|Name||Albourne CofE Primary School|
|Ofsted Inspection Rating||Good|
|Inspection Date||01 December 2016|
|Address||The Street, Albourne, Hassocks, West Sussex, BN6 9DH|
|Religious Character||Church of England|
|Number of Pupils||194 (53% boys 47% girls)|
|Number of Pupils per Teacher||19.4|
|Percentage Free School Meals||6.7%|
|Percentage English is Not First Language||2.6%|
Information about this school
The school meets requirements on the publication of specified information on its website. Albourne Church of England Primary School is smaller than the average school. Of the seven class teachers, four have been teaching for less than two years and most are new to the school. The governing body has recently completed a review of governance, following which some new governors were appointed. Most pupils are of a White British heritage. The proportion of pupils from minority ethnic backgrounds is below average. The proportion of pupils who speak English as an additional language is below the national average. The proportion of pupils who are eligible for the pupil premium and pupils who have special educational needs and/or disabilities is below the national average.

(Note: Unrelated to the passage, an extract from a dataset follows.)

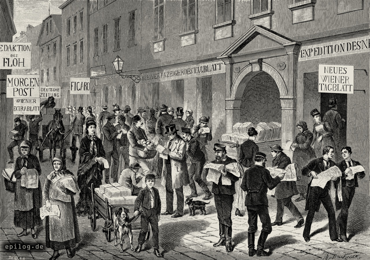 Von Tagesgrauen bis zur Nacht ist hier ein Wogen von Fußgängern und Wagen von und zu den Redaktions- und Expeditions-Büros, den Druckereien usw., und die Austräger und Austrägerinnen von jedem Alter eilen in den bestimmten Stunden wetteifernd herbei, um sich ihren Bedarf an Exemplaren zu holen. Gleichzeitig werden auf Handkarren und Fuhrwerken aller Art die Zeitungspakete nach der Post und zu den Zeitungsverschleißern der entlegeneren Stadtteile und Vorstädte verschickt, denn die Verteilung und Verbreitung der politischen Zeitungen erheischt einen gut organisierten Apparat von Privatagenten in den Tabakverschleiß- und Spezereiläden oder in eigenen Büros der entlegeneren Quartiere und Hauptstraßen, von wo aus die Zeitungen dann erst durch einen Stab von Kolporteuren und Austrägern weiter verbreitet werden. Zur Stunde der Ausgabe der neuen Nummern aber wimmelt die Straße auch von einzelnen Personen, welche entweder vor Begierde brennen, die neuesten Tagesbegebenheiten zu erfahren und die neuesten Stellenangebote kennenzulernen und die sich darum entweder eine Nummer von der betreffenden Zeitung kaufen oder vor der angeklebten neuesten Nummer stehen, um deren Spalten zu durchmustern. Unter diesen Stellensuchern von auswärts sind nun aber sehr viele, die nicht lesen können und daher nach irgendeiner mitleidigen Seele sich umsehen, welche ihnen die betreffenden Stellenangebote finden hilft und verdolmetscht. Zur Zeit aufregender politischer Ereignisse aber verwandelt sich dieser ameisenhaufenartige Menschenverkehr der Zeitungsgasse sehr oft in einen reißenden Strom oder eine wogende Brandung von Menschen, gewährt aber jederzeit einen interessanten Einblick in das Wiener geistige, industrielle und Volksleben.

Summary of key findings for parents and pupils
This is a good school Since the previous inspection, the headteacher, ably supported by the deputy headteacher, has ensured that teaching and pupils’ outcomes have steadily improved. Leaders’ drive and ambition have brought about higher expectations of what pupils can do and achieve. All staff now expect more of pupils. Teaching has improved since the previous inspection and is now good. Teachers plan interesting lessons that capture the interest of pupils, enabling them to learn new skills and knowledge. However, teaching does not consistently build on what pupils already know, understand and can do. Progress in reading, writing and mathematics is now good, although outcomes for the most able are not quite as strong in writing and mathematics. In reading, teachers challenge the most able pupils well, but this is not always the case in writing and mathematics. Pupils’ spiritual, moral, social and cultural development is good. Pupils are respectful, tolerant and have a good understanding of other cultures. Pupils who have special educational needs and/or disabilities and disadvantaged pupils make the same good progress as all other pupils in the school. Their progress is in line with that of all other pupils nationally. The most able disadvantaged pupils are carefully targeted and supported. Consequently, these pupils do well. Provision for pupils’ personal development is outstanding. Pupils show very high levels of care for one another. They are proud of their school, behave well and work hard. Children in the early years make good progress as a result of the effective teaching they receive. They are very well cared for and have very positive attitudes to their learning. Governors are supportive of leaders and are developing their understanding of their roles. They have recently begun to hold teachers and leaders effectively to account, but this is in the early stages. Some middle leaders fulfil their roles well. The less experienced middle leaders have yet to develop the necessary skills to improve teaching and pupils’ achievement in their areas of responsibility.